Virtual Feature Tokens compress feature embeddings to match metadata dimension (dM)
Virtual Transaction Tokens convert each transaction into vt tokens for the Temporal Transformer
| Model | Metric A (Δ%) | Metric B (Δ%) | MCC Rec@1 | Mrch Rec@1 |
|---|---|---|---|---|
| TGPT-2D w/ Features | -87.0 | -34.3 | 49.20 | 32.30 |
| TGPT-3D-MTF (Seg) | +14.6 | +8.0 | 48.23 | 32.41 |
| TGPT-3D-MTF (MLP) | +9.5 | +8.1 | 48.17 | 32.29 |
| 3D-FMT FMVTL | +19.2 | +11.2 | 49.94 | 32.08 |
| 3D-FMT FMVTL-2 | +15.5 | +17.9 | 50.12 | 32.70 |
| 3D-FMT FMVTL + LLM | +22.5 | +12.0 | 50.01 | 32.73 |
Inference speed: 0.27ms vs 84.9ms per sample on a single NVIDIA A100 GPU (80GB)
56M parameters vs 7B — orders of magnitude more efficient while achieving superior accuracy
TGPT-2D outperforms Llama-2 (7B) in MCC Recall@1 despite being 125× smaller
Trained on 200M sequences, tested on 20M sequences, predicting among 500K unique merchants.
TGPT-2D ranks the exact future restaurant in the top 50 out of 500K candidates in 45.6% of test cases.
Inferred purely from transaction patterns — no explicit location input.
Merchant embeddings encode rich geographic and behavioral similarities — city clusters (LA, SF, NYC) are clearly separated in UMAP space, and airport restaurants form distinct clusters.
BatchNorm > LayerNorm for MMTT data with diverse field cardinalities
Linear MLP activations outperform nonlinear between Transformer modules
One-hot positional encoding preferred over sinusoidal for non-sequential metadata fields
FP32 preserves scaling gains better than BF16 on larger datasets
3D architecture scales more efficiently than 2D — advantages emerge with more data
LLM-based embedding initialization — MCC descriptions encoded by LLMs warm-start entity embeddings
Component-level analysis of the Virtual Token Layer on TJGC.
| Variant | Metric A (Δ%) | Metric B (Δ%) | Key Takeaway |
|---|---|---|---|
| FMVTL (full) | +19.2 | +11.2 | Best with dual VTL linear + nonlinear |
| FMVTL-nonlin | +6.7 | +10.7 | Removing linear path hurts gradient flow |
| FMVTL-lin-map | +0.2 | +6.2 | Simple linear mapping lacks expressiveness |
| FVTL (no Meta VTL) | -12.9 | -13.0 | Both VTL stages are essential |
| FMVTL + LLM | +22.5 | +12.0 | LLM-derived embeddings add semantic gains |
TransactionGPT is the first foundation model purpose-built for consumer transaction data, deployed within one of the world's largest payment networks.
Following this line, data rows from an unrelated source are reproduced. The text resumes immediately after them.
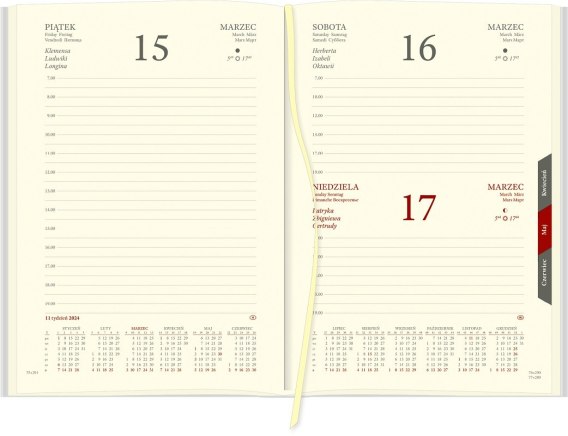 Kalendarz dostępny z kalendarium dziennym drukowanym na papierze: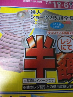 サミット衣料館コルモピアコピオ城山店にて、婦人ショーツ二枚組全品、今ついている価格よりレジにて半額!!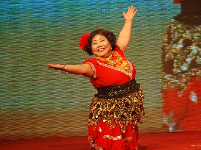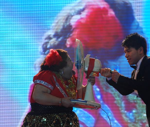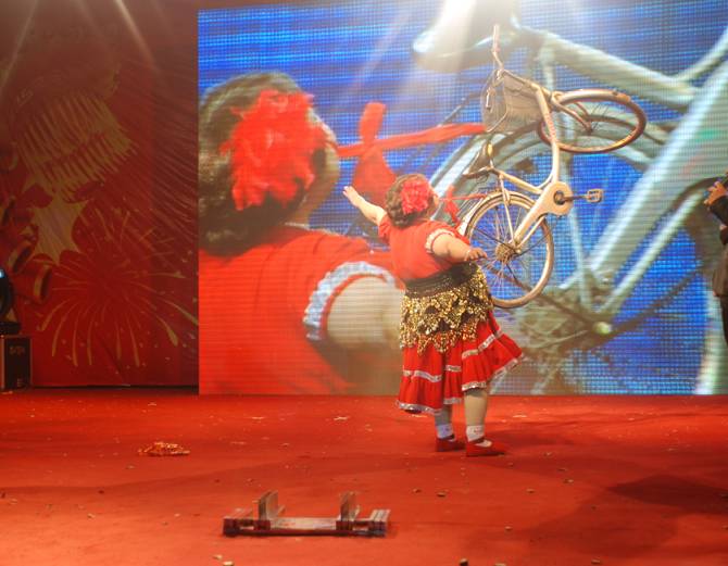 中国达人、民间绝技传承者---李红沁现场展示舌定风扇,口转自行车,赤脚负重踩刀。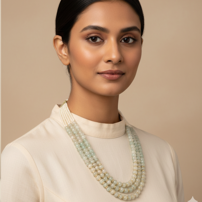 Emerald Beadswith Pearls Mala is a handcrafted statement piece, made with carefully selected beads that exude timeless charm. The structure and arrangement of this mala ensure a graceful drape, whether worn with traditional attire or modern ensembles.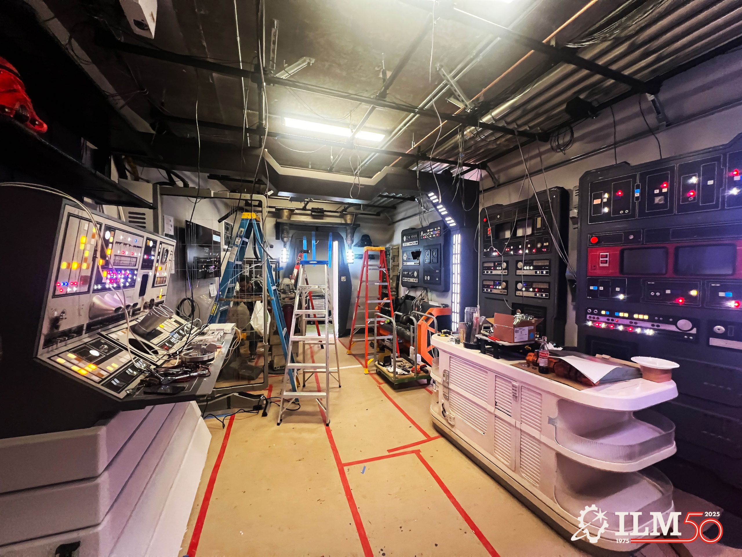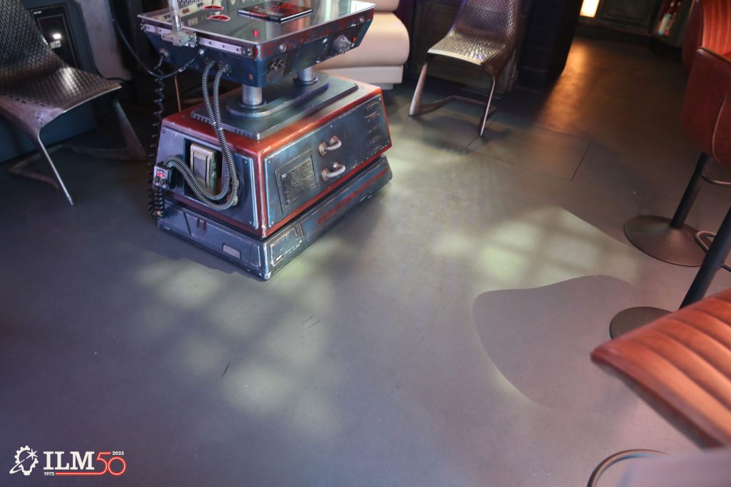 Learning about the Hideout project, Lucasfilm archivist Portia Fontes contacted the team offering use of a number of screen-used props and set pieces from recent productions, including Rogue One: A Star Wars Story (2016), Solo: A Star Wars Story (2018), Star Wars: The Rise of Skywalker (2019), and Andor (2022-25). The group’s response was a collective “WHAT?!” “We could never have built anything as amazing as these set pieces with the time and budget available,” says DiComo.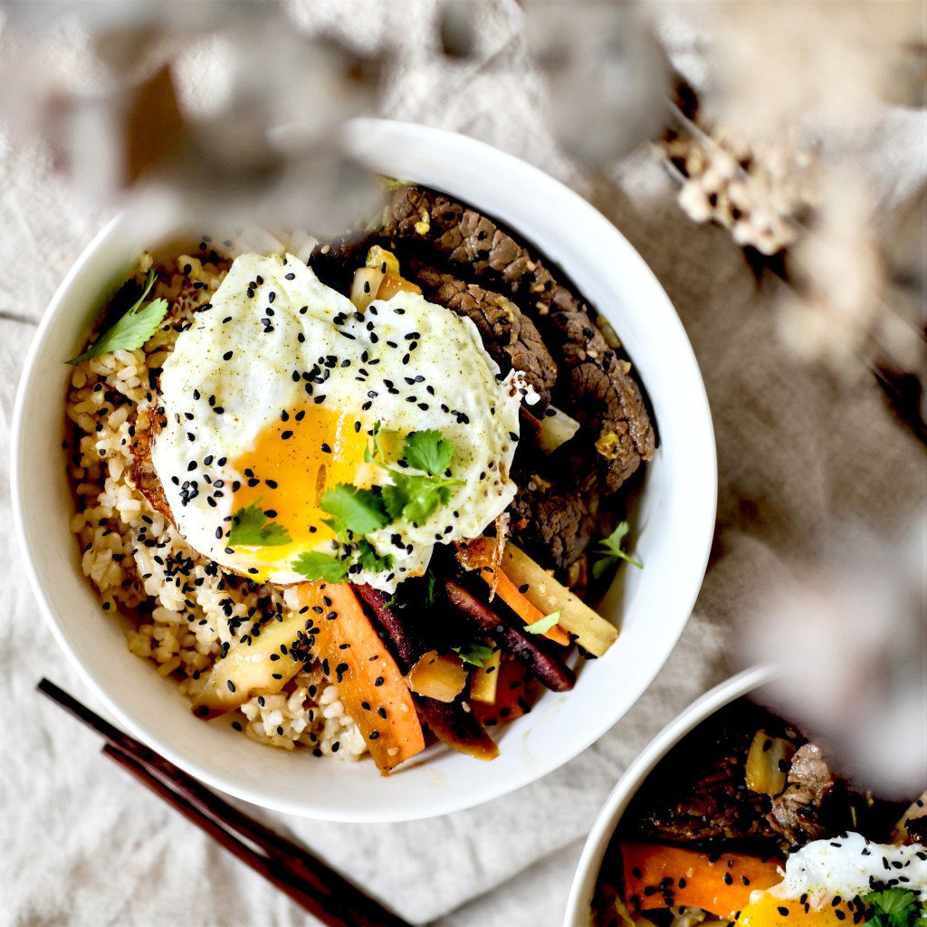 Le Bibimbap est un plat traditionnel coréen à base de riz, de viande, de légumes et d’oeuf frit. Légèrement sucré-salé, le mélange est à la fois puissant, doux et rassasiant. C’est un plat que j’avais découvert chez Douri, un petit restaurant coréen de Strasbourg, bien caché et que peu de gens connaissent, où j’allais très souvent lorsque j’étais étudiante. L’accueil y était toujours chaleureux et les plats exceptionnellement généreux. Bref, des années que j’avais envie de reproduire ce plat et la saison s’y prête très bien car on y trouve tous les légumes nécessaires.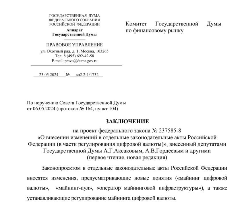 Заключение по законопроекту о регулировании майнинга и крипты в РФ. Источник: Система обеспечения законодательной деятельности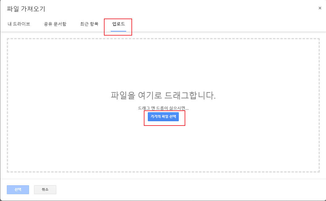 ② 파일 업로드 후 뜨는 팝업창이다 아래 가져오기 위치를 선택한 후 불러와 주면 된다.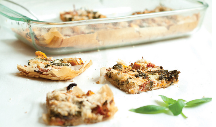 - Оставшиеся 2 листа фило порвите или покрошите руками на кусочки и хаотично разложите сверху — это создаст красивую хрустящую корочку. Посыпьте твёрдым сыром и свежей зеленью (укропом или петрушкой) — аромат будет сумасшедший!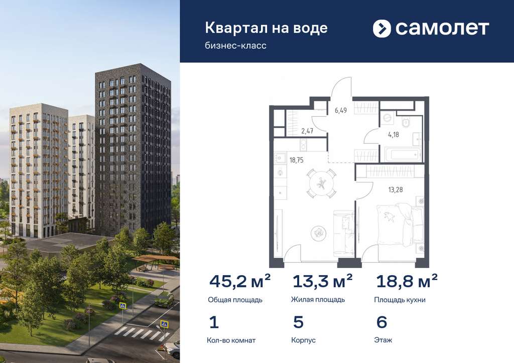 Строим кварталы для жизни с заботой о будущем. Предлагается 1-комнатная квартира бизнес-класса 45,17 кв. м в корпусе 5 на 6 этаже, в ЖК «Квартал на воде»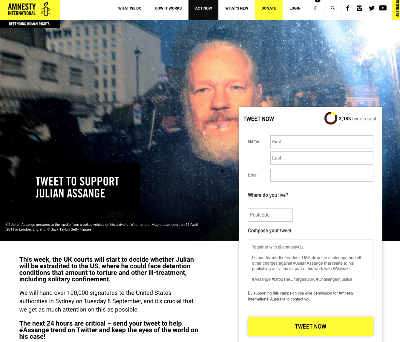 See it in action on Amnesty International's campaign Tweet to support Julian Assange and the #GameOver refugee rights campaign.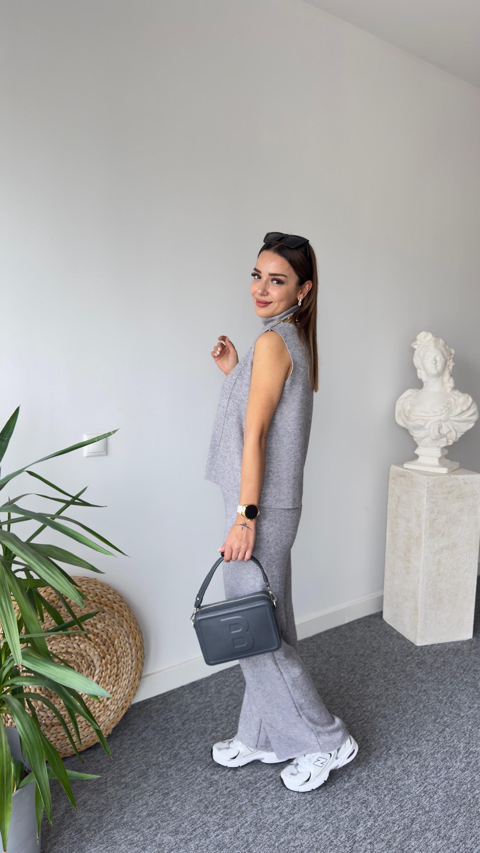 Ensemble sans manches gris à col roulé en tissu doux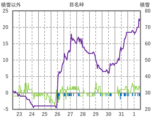 | 日 | 時 | 気温 | 降水 | 風向/風速 | 日照 | 積雪 | 降雪 |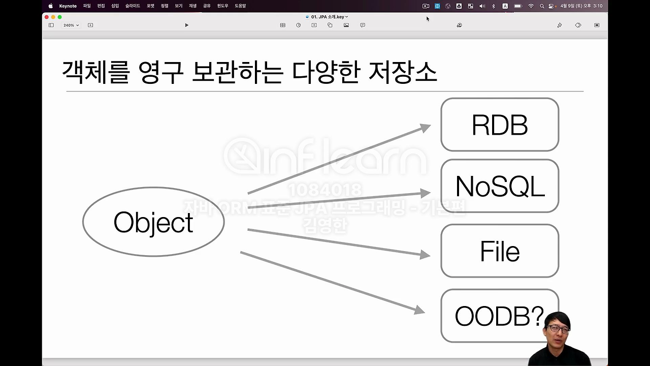 자 그러면서 이 객체와 관계형 데이터베이스의 차이에 대해서 말씀을 해드릴 건데요.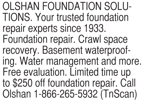 OLSHAN FOUNDATION SOLU- TIONS. Your trusted foundation repair experts since 1933. Foundation repair. Crawl space recovery. Basement waterproofing. Water management and more. Free evaluation. Limited time up to $250 off foundation repair. Call Olshan 1-866-265-5932 (TnScan)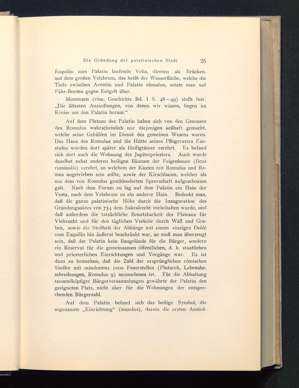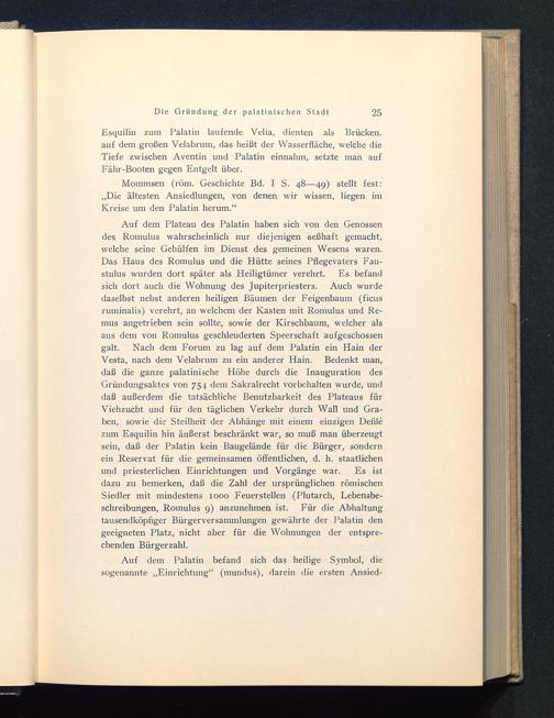Mommsen (röm. Geschichte Bd. I S. 48—49) stellt fest:„Die ältesten Ansiedlungen, von denen wir wissen, liegen imKreise um den Palatin herum.“

The novel 3D-Transformer with Virtual Token Layer achieves state-of-the-art performance across generation, classification, and representation learning tasks.
Merchant embeddings learned by TGPT encode rich geographic and behavioral similarities — without any explicit location input. The model achieves +22.5% improvement over the production model on a business-critical metric, with 300× faster inference than LLM-based alternatives.
Future directions include accelerating model performance at even larger data scales, developing superior multi-modal encoders for MMTT data, and exploring joint optimization of MMTT foundation models with LLMs.